The following example uses the sample data which is the "Modified Data on Wood Specific Gravity" data set of twenty cases and five predictors in Rousseeuw and Leroy (1987). The computational results for the five selected case subsets match those given in Seaver, Triantis, and Reeves (1999).

Suppose the values of the response Y, specific gravity, are in C1 and the values of the five predictors, X1-X5, are in columns 2-6. Five subset cases were selected.

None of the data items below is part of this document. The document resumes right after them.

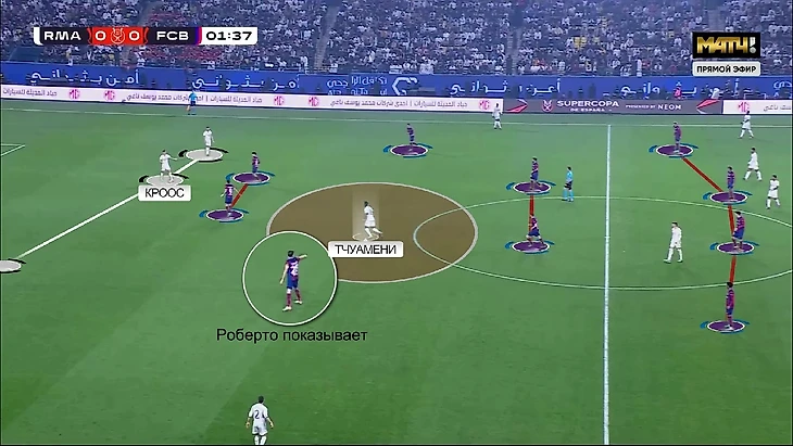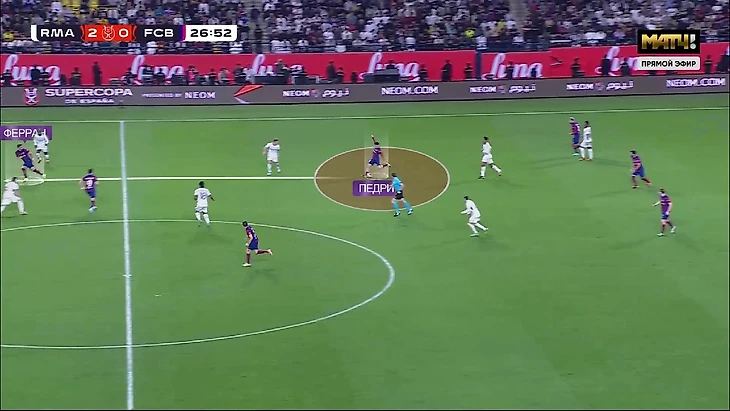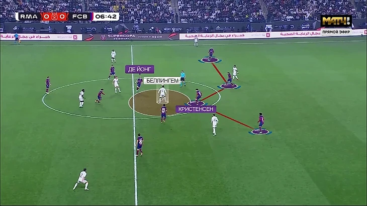 Но ужасы для «Барсы» на этом только начинаются. Со свободно движущимся Беллингемом и полной дезориентацией «Барселоны» в прессинге, «Мадрид» мало того, что имел преимущество в первой стадии, так ещё и в середине поля кто-то по цепочке обязательно оставался свободным.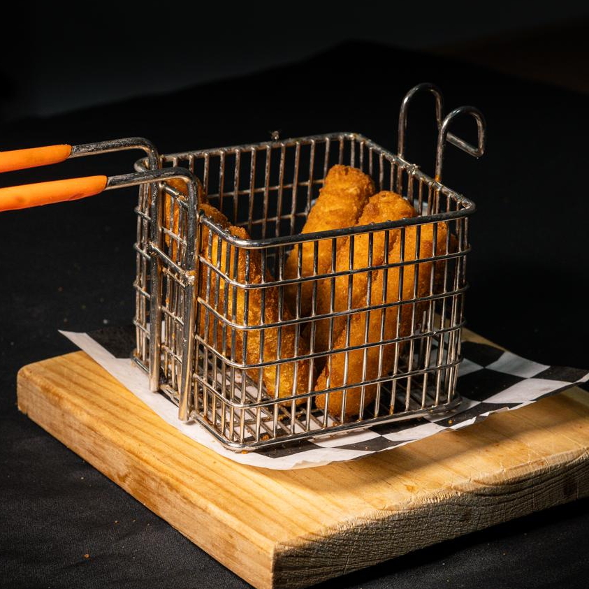 Camarones deliciosamente sazonados con morrón, cebolla y queso cheddar. Incluye papas a la francesa.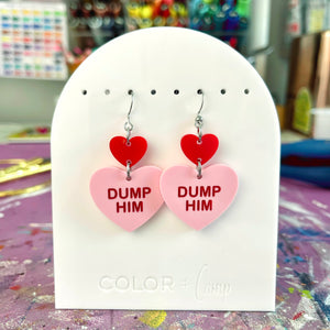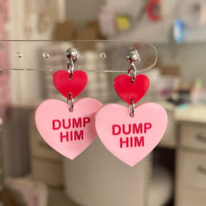Pink candy hearts engraved with "DUMP HIM” in red dangle from smaller red hearts, because there's no such thing as too many hearts for Valentine's Day.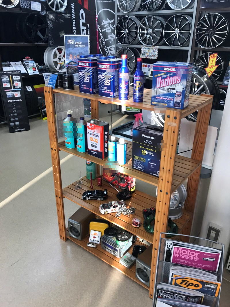 ガレージ横の棚にはオイルや添加剤、バッテリー等を展示販売しています。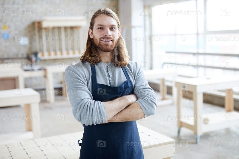 Улыбающийся довольный красивый молодой бородатый плотник с длинными волосами, носящий фартук, стоявший в современной мастерской и перекрестивший руки на груди, глядя в камеру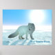 Branco em branco. Uma pintura digital de uma Raposa Árctica, Vulpes lagopus, no gelo polar. O sol pendura baixo no brilhante céu ártico azul. Não olhe para o sol pois pode danificar os seus olhos. Adicione seu próprio texto. A Raposa Árctica é confortável a frio profundo; não começa a arrepiar-se até que as temperaturas caiam para cerca de -70 °C devido à sua pele densa e multicamadas. Outras adaptações a um clima rígido incluem pelo nas solas dos pés, orelhas curtas e um pequeno focinho. As raposas árcticas vivem em tocas, numa nevasca que podem enrolar na neve para criar abrigo. O casaco da raposa do Ártico, por vezes cinzas azuis, é uma camuflagem de inverno muito eficaz. As matizes naturais permitem que o animal se misture no ambiente. Durante a curta estação quente, sua casaco muda para marrom ou cinza, novamente atuando como camuflagem em rochas e plantas tundra. Durante o inverno, quando as presas são escassas, as raposas seguem as ursinhas polares caçadoras que se alimentam de restos. Durante o verão comem roedores, aves, ovos e até peixes. Também se alimentarão de bagas e algas. As raposas árcticas têm uma audição extremamente entusiasmada, auxiliadas pelas suas orelhas largas e viradas para a frente, que lhes permitem localizar a posição exata das suas presas sob a neve. Se ouve algo se movendo sob a neve ele salta para o ar e solta, socando a neve para pegar sua presa. O alcance das raposas do Ártico é circunpolar; elas podem ser encontradas em todo o extremo norte. O único mamífero terrestre nativo da Islândia, chegou caminhando sobre o gelo no mar no final da última era glacial.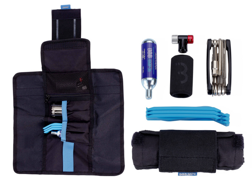 Multifunktions-Werkzeugrolle mit Platz für einen Ersatzschlauch, Werkzeuge, CO2-Kartuschen und einer Tasche für Kleinteile. Verwendbar als Satteltasche, Rahmentasche oder Organiser. Inklusive: BTL-41S Maxifold S. BTL-81 EasyLift Reifenheber 3Stk./Set. BMP-32 AirSpeed, CO2 Kartuschen inklusive.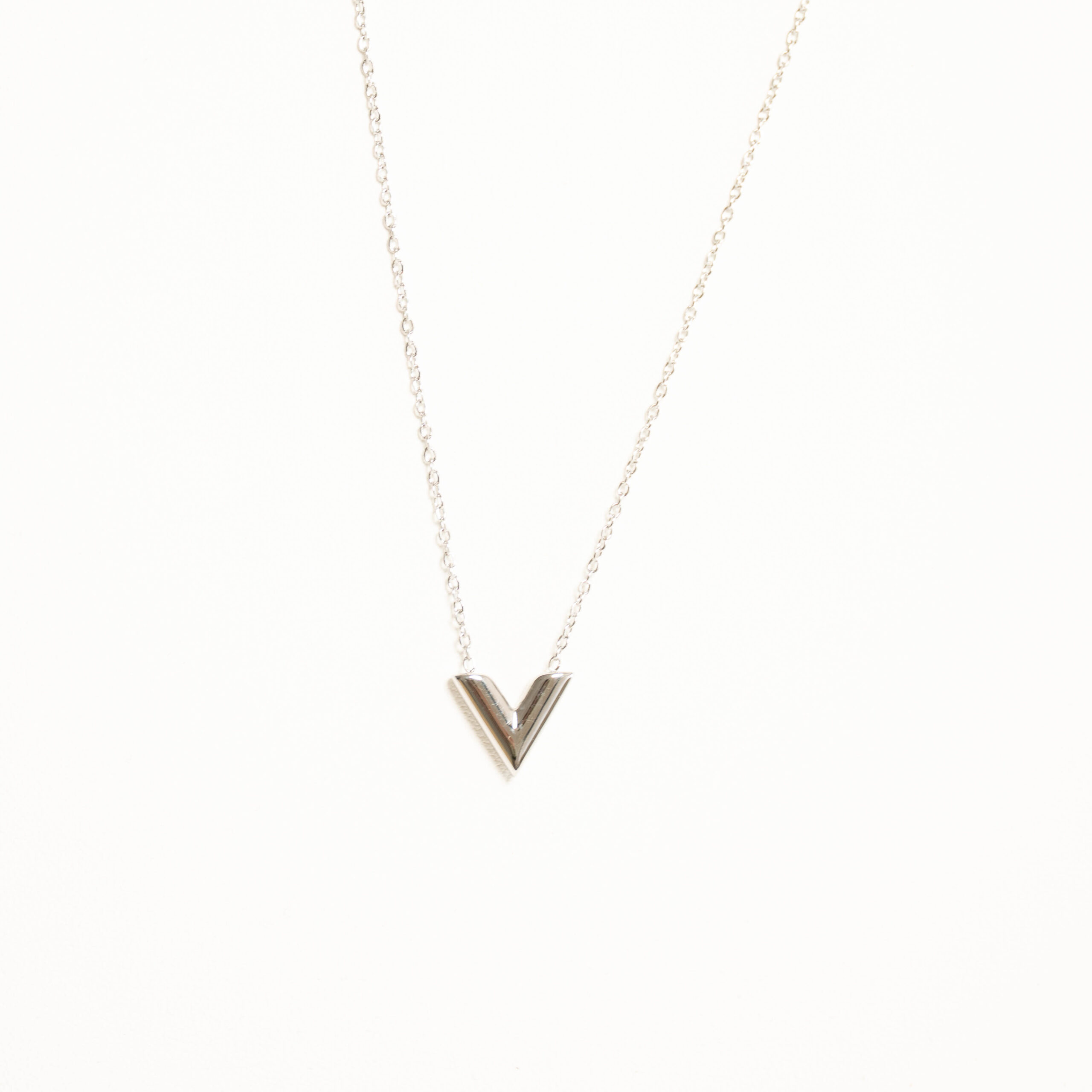 Nowoczesna prostota z wyraźnym akcentem. Naszyjnik Vibe to połączenie minimalizmu i symbolicznej formy – zawieszka w kształcie litery V osadzona na delikatnym łańcuszku ze stali chirurgicznej 316L w kolorze srerba przyciąga uwagę czystą linią i geometrycznym wyrazem.

To run the macro, choose View > Command Line/History and type:
%MULTDIST C1-C6;
SUB1 5;
SUB2 8 19;
SUB3 6 8 19;
SUB4 4 8 19;
SUB5 4 6 8 19.

Click Run.

Output

Here is what the macro will produce.

Multiple Case Cook's Distance

Model Information
------------------------
Response:     Y

Predictors:   X1 , X2 , X3 , X4 , X5                                            

Parameters:    6
 
Threshold value:    1.00
------------------------
 
*** Cook's Distance for Case Pairs ***
 
     Cases        Cook's Distance

     7 , 11             1.03

 
*** Cook's Distance for a Subset ***

     Cases:  5   Cook's Distance:  0.06                                              


     Cases:   8 , 19   Cook's Distance:  0.33                                        


     Cases:   6 ,  8 , 19   Cook's Distance:  1.99                                   


     Cases:   4 ,  8 , 19   Cook's Distance:  0.49                                   


     Cases:   4 ,  6 ,  8 , 19   Cook's Distance:  53.93 
Note

Graph output not shown.

More Information

Data set size

The data set size limit for computing Cook's Distance is 60 and 30 for case pairs and triples respectively. The data set size limit for case subset computations is 500. You may change the case pairs and triples limits within the macro. To change the limits, go to the section in the macro code labeled "MSE check, triple, nopair" and change 30 and 60 to the sizes you want. Note that computing time increases as the data set size increases, especially for computing all triples.

Inverse does not exist

If analyzing a mixture model, you must specify the noconstant subcommand. If you do not, you will get an error message indicating that the inverse of the XTX matrix does not exist. Usually, if any predictors are (nearly) perfectly correlated you will get this error message.

Missing values

The macro handles missing data by removing rows that have missing data in them. This is shown in the output and in the graphs.

References

Rousseeuw, P. J. and Leroy, A. M. (1987), Robust Regression & Outlier Detection, John Wiley & Sons, Inc.

Seaver, B., Triantis, K., and Reeves, C. (1999), The Identification of Influential Subsets in Regression Using a Fuzzy Clustering Strategy, Technometrics, 41, 340-351.